Reputation: 540
How do I split a single huge "character" into smaller ones, each containing exactly 100 words. For example, that's how I used to split it by single words.
myCharSplitByWords <- strsplit(myCharUnSplit, " ")[[1]]
I think that this can probably be done with regex (maybe selecting 100th space or smth) but couldn't write a proper expression
I'm new to R and I'm totally stuck. Thanks
Upvotes: 2
Views: 382
Reputation: 2414
You can get every 100th instances of a run of spaces preceded by a run of non-spaces (if that's your definition of a word) by:
ind<- gregexpr("([^ ]+? +){100}", string)[[1]]

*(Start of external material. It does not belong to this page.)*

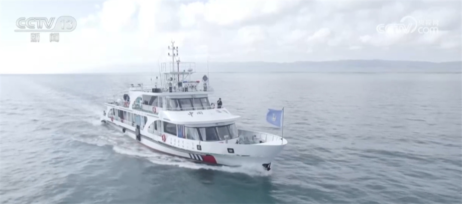 总台记者 马雅慧:此刻我所在的位置是青海湖的南岸,现在我们的船已经开始出发逐渐驶向湖面。现在是清晨的8点30分,我们看到今天的天气非常晴朗,而且能见度很不错,可以看到碧蓝色的湖水和远处黛青色的群山。我们此次航行的目的是去寻找鱼鸥。

and then substring your original by
hundredWords <- substr(string, ind, c(ind[-1]-1, nchar(string))
This will leave trailing spaces at the end of each entry, and the final entry will not necessarily have 100 entries, but will have the remaining words that are left after removing batches of 100. If you have another definition of word delimiter (tabs, punctuation, ...) then post that and we can change the regular expression accordingly.
Upvotes: 0
Reputation: 25736
Maybe there is a way using regular expressions but after strsplit
it would be easier to group the words by "hand":
## example data
set.seed(1)
string <- paste0(sample(c(LETTERS[1:10], " "), 1e5, replace=TRUE), collapse="")
## split if there is at least one space
words <- strsplit(string, "\\s+")[[1]]
## build group index
group <- rep(seq(ceiling(length(words)/100)), each=100)[1:length(words)]
## split by group index
words100 <- split(words, group)
Upvotes: 7